From SQL to HTML Table
Say we have a table located on a remote PostgreSQL server that we want to put on our website, normally we could pip install SQLAlchemy
, psycopg2
, pandas
including whatever dependencies they come with, like numpy
. This time all we need is psycopg2
for the PostgreSQL driver:
import psycopg2
import datetime
from SQLDataModel import SQLDataModel
# Setup the connection
psql_conn = psycopg2.connect(...)
# Grab a table with missions to Saturn
sdm = SQLDataModel.from_sql('saturn_missions', psql_conn) # or SQL statement
# Filter to only 'Future' missions
sdm = sdm[sdm['Status'] == 'Future']
# Create new column with today's date so it ages better!
sdm['Updated'] = datetime.date.today()
# Create a new html file with our table
sdm.to_html('Future-Saturn.html', index=False)
Here's a snippet from the Future-Saturn.html
file generated by the to_html()
method:
<!-- Metadata Removed -->
<table>
<tr>
<th>Mission</th>
<th>Status</th>
<th>Launch</th>
<th>Destination</th>
<th>Updated</th>
</tr>
<tr>
<td>New Frontiers 4</td>
<td>Future</td>
<td>2028</td>
<td>Surface of Titan</td>
<td>2024-03-21</td>
</tr>
<tr>
<td>Enceladus Orbilander</td>
<td>Future</td>
<td>2038</td>
<td>Surface of Enceladus</td>
<td>2024-03-21</td>
</tr>
</table>
<!-- SQLDataModel css styles removed -->
The Surface of Titan in 2028, how cool is that!
Pretty PyTorch Training Results to JSON
Let's say we're training a pytorch
model and we want to keep the results from training. If you've ever trained one or followed a tutorial, I'm sure you'll be familiar with this pattern:
# Training loop
num_epochs = 10
for epoch in range(num_epochs):
# Train the model and get the metrics
train_loss, train_acc = train(model, criterion, optimizer, train_loader, device)

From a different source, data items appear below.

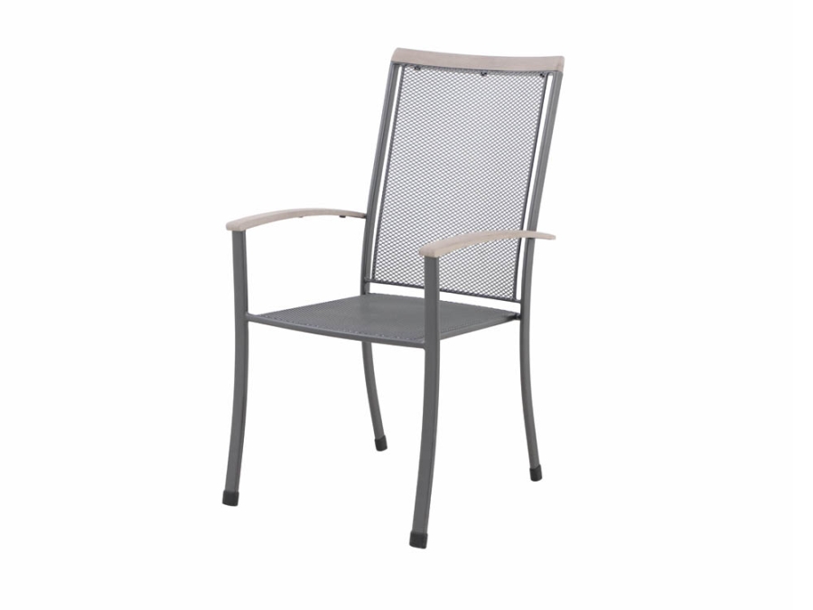 Der Royal Garden Balero Stapelstuhl besteht aus einem Aluminiumgestell, das mit einer zusätzlichen Elotherm® Oberfläche veredelt ist. Diese Beschichtung schützt das Metall vor äußeren Einflüssen und fördert die Langlebigkeit des Stuhls. Die Armlehnen und die Rückenlehne sind in stilvoller Holzoptik gestaltet, was dem Stuhl ein zusätzliches ästhetisches Element verleiht.
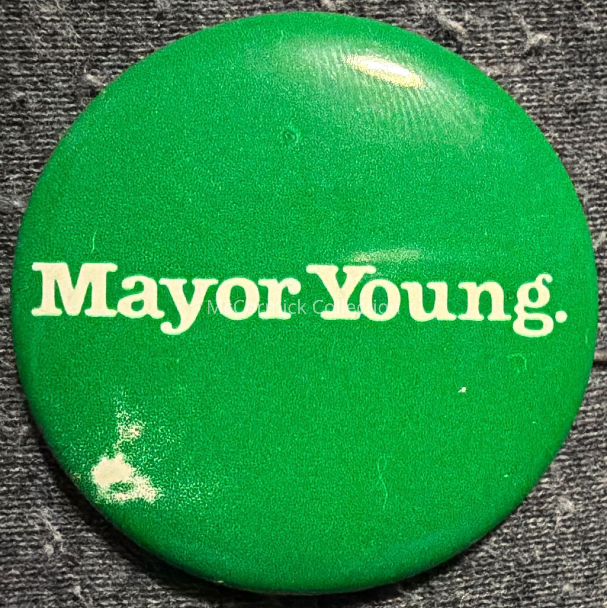 A 1.75” green and white political button for Coleman Young for Mayor of Detroit. From the Kingdon collection.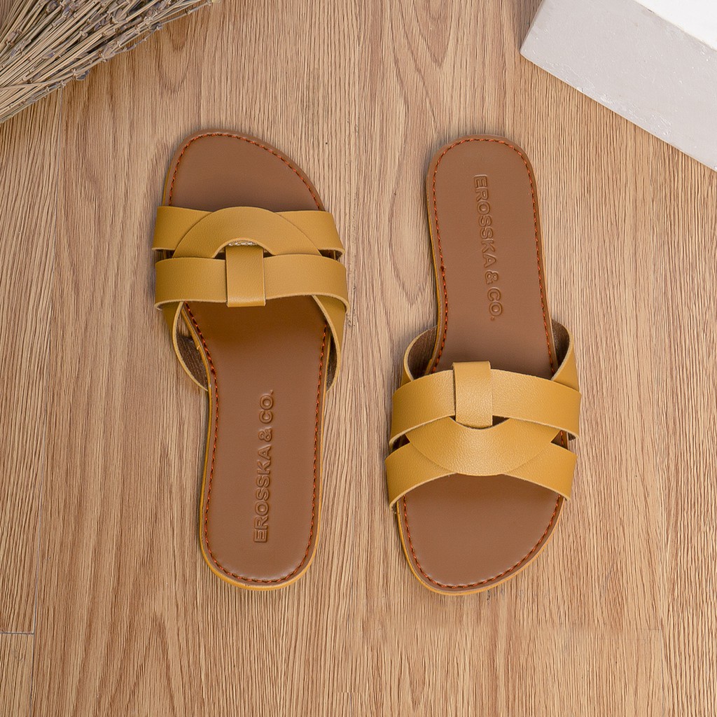 Erosska - Dép đi biển thời trang Erosska 2021 đan chéo đế bệt DE028

val_loss, val_acc = validate(model, criterion, val_loader, device)
# Print training results to terminal
print(f'Epoch [{epoch+1}/{num_epochs}], '
f'Train Loss: {train_loss:.4f}, Train Acc: {train_acc:.2f}%, '
f'Val Loss: {val_loss:.4f}, Val Acc: {val_acc:.2f}%')
This ubiquitous setup, where results from each epoch are output to the terminal, has become the Hello, World!
of ML training loops. While this is great for monitoring the progress of training, it's miserable for actually keeping and analyzing the data afterwards. Here's how we can use SQLDataModel
to help:
from SQLDataModel import SQLDataModel
# Initialize an empty model with headers for the data we want to store
sdm = SQLDataModel(headers=['Epoch', 'Train Loss', 'Train Acc', 'Val Loss', 'Val Acc'])
# ... Training code ...
We create an empty SQLDataModel
that we can use with headers
corresponding to the metrics we want to store. Now in our training loop we can fill it with our results:
# Initialize an empty model for training
sdm = SQLDataModel(headers=['Epoch', 'Train Loss', 'Train Acc', 'Val Loss', 'Val Acc'])
# Training loop
num_epochs = 10
for epoch in range(num_epochs):
# Train the model and get the metrics
train_loss, train_acc = train(model, criterion, optimizer, train_loader, device)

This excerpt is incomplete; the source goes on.